As we mentioned, we can use netsh.exe to configure BranchCache. When we use netsh.exe, necessary firewall rules will be automatically enabled. Any configuration set using netsh.exe, will be overwritten by Group Policy settings. We need to use elevated CMD when using netsh command to set BranchCache. Some of the common “netsh branchcache” command options are:

  • -reset – resets the current BranchCache configuration. It will stop and disable the service, reset registry values, delete any cache files. It also disables BranchCache firewall rules. We can use it if we don’t want to use BranchCache any more.
  • -show status – displays the current service mode being used, how it was configured, and the status of the service.

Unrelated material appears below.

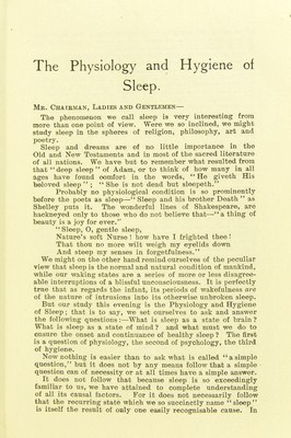 The physiology and hygiene of sleep : bring the annual public lecture on "The laws of health" delivered at the Midland Institute, Birmingham, September 16, 1910 / by David Fraser Harris.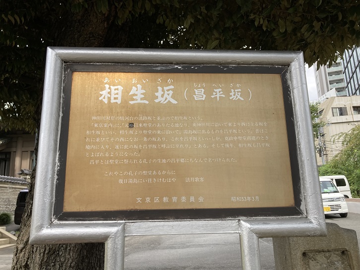 三十八段の石段坂である。別名は天神男坂。すぐわきにある、ゆるやかな坂・女坂に対して男坂という。江戸時代の書物”御府内備考”によると、湯島神社(天神)参拝のための坂であったが、その後、本郷から上野広小路に抜ける通り道になったという。

  • set service mode = {distributed | local | hostedclient | disabled } – sets the cache mode. If we set it to “distributed”,  it sets the client to use Distributed Cache mode, starts the BranchCache service, changes the startup type to manual, and sets firewall rules. If we set it to “local”, it sets the client to Local Cache mode. It doesn’t enable any firewall rules. In Local mode, client stores data from WAN in local cache, without sharing it with other clients on the network. This mode is only available trough netsh command. If we set it to “hostedclient” mode, we have to specify the location parameter with the IP address or the name of the server which hosts the cache. This command sets the client to use Hosted Cache mode, enables BranchCache service, and sets firewall rules. If we set it to “disabled”, it will disable BranchCache.
  • -set cachesize – allows us to set the size of the local cache as a percentage or in number of bytes.
  • -set localcache – allows us to set the location of the local cache on our computer.

Keep in mind that BranchCache service startup must be set to manual and not automatic. The service will automatically start itself any time it needs to access the BranchCache data.